Альтернативой биотинилированию первичного амина является мечение сульфгидрильных групп биотином. Потому что бесплатно сульфгидрил группы менее распространены в большинстве белков по сравнению с первичными аминами, сульфгидрилбиотинилирование полезно, когда первичные амины расположены в регуляторном домене (ах) целевого белка или когда требуется пониженный уровень биотинилирования. Сульфгидрил-реактивные группы, такие как малеимидыгалогенацетилы и пиридилдисульфиды требуют свободных сульфгидрильных групп для сопряжения; сначала необходимо восстановить дисульфидные связи, чтобы освободить сульфгидрильные группы для биотинилирования. Если свободных сульфгидрильных групп нет, лизины можно модифицировать различными тиоляция реагенты (Реагент Траута, SAT (PEG4), SATA и SATP), что приводит к добавлению свободного сульфгидрила. Сульфгидрилбиотинилирование проводят при немного более низком pH (6,5-7,5), чем мечение эфирами NHS.

Биотин Maleimide Cysteine ​​Reaction.png

Помимо цельных белков, биотинилированный пептиды можно синтезировать, введя цистеин (Cys) остаток во время синтеза на конце аминокислотной цепи, чтобы получить сайт-специфическое и ориентированное биотинилирование. Нуклеотиды также можно биотинилировать путем включения биотинилированного нуклеотиды.

Карбоксильное биотинилирование

Карбоксильные группы находятся на С-концах белков и на боковых цепях глутамата и аспартата аминокислот. Реагенты для биотинилирования, которые нацелены на карбоксильные группы, не имеют карбоксил-реактивного фрагмента как такового, а вместо этого полагаются на карбодиимид сшивающий агент, такой как EDC для связывания первичного амина на реагентах биотинилирования с карбоксильной группой целевого белка.
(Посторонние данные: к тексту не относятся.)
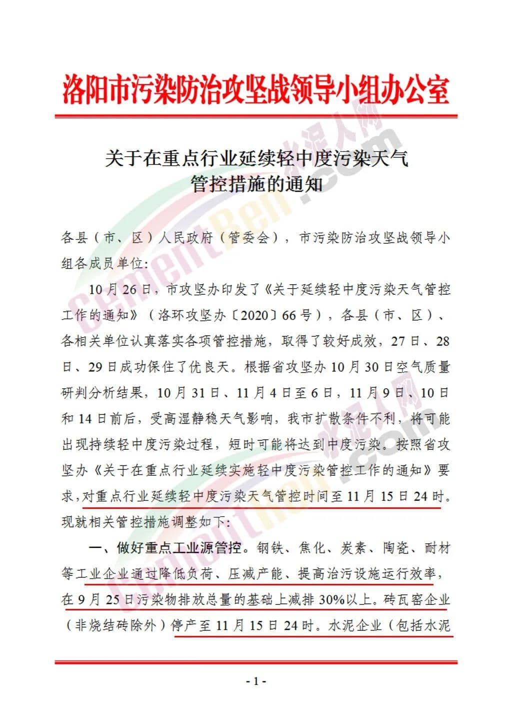 同期,河南省新鄉市、洛陽市等區域環保部門分別發布在重點行業延續輕中度污染天氣管控措施的通知。

Биотинилирование по карбоксильным группам происходит при pH 4,5–5,5. Чтобы предотвратить перекрестную реакцию сшивающего агента с компонентами буфера, буферы не должны содержать первичных аминов (например, Трис, глицин) или карбоксилов (например, ацетат, цитрат); МЧС буфер - идеальный выбор.

Биотинилирование гликопротеинов

Гликопротеины может быть биотинилирован путем модификации углевод остатки альдегиды, которые затем реагируют с гидразин- реагенты для биотинилирования на основе алкоксиамина. Периодат натрия окисляет сиаловые кислоты от гликопротеинов к альдегидам с образованием этих стабильных связей при pH 4–6.

Поликлональные антитела сильно гликозилированы, и поскольку гликозилирование не мешает активности антител, биотинилирование гликозильных групп является идеальной стратегией для создания биотинилированных антител.

Биотинилирование олигонуклеотидов

Олигонуклеотиды легко биотинилируются в процессе синтез олигонуклеотидов фосфорамидитным методом с использованием товарного фосфорамидита биотина.[12] После стандартного снятия защиты полученные конъюгаты могут быть очищены с помощью обращенно-фазовой или анионообменной ВЭЖХ.

Неспецифическое биотинилирование

Фотоактивируемые реагенты для биотинилирования идеальны, когда первичные амины, сульфгидрилы, карбоксилы и углеводы не доступны для маркировки. Эти реагенты зависят от арилазидов, которые активируются ультрафиолетовый свет (УФ;> 350 нм), которые затем реагируют по связям C-H и N-H. Поскольку эти типы связей возникают независимо от типа аминокислоты, этот тип биотинилирования называют «неспецифическим».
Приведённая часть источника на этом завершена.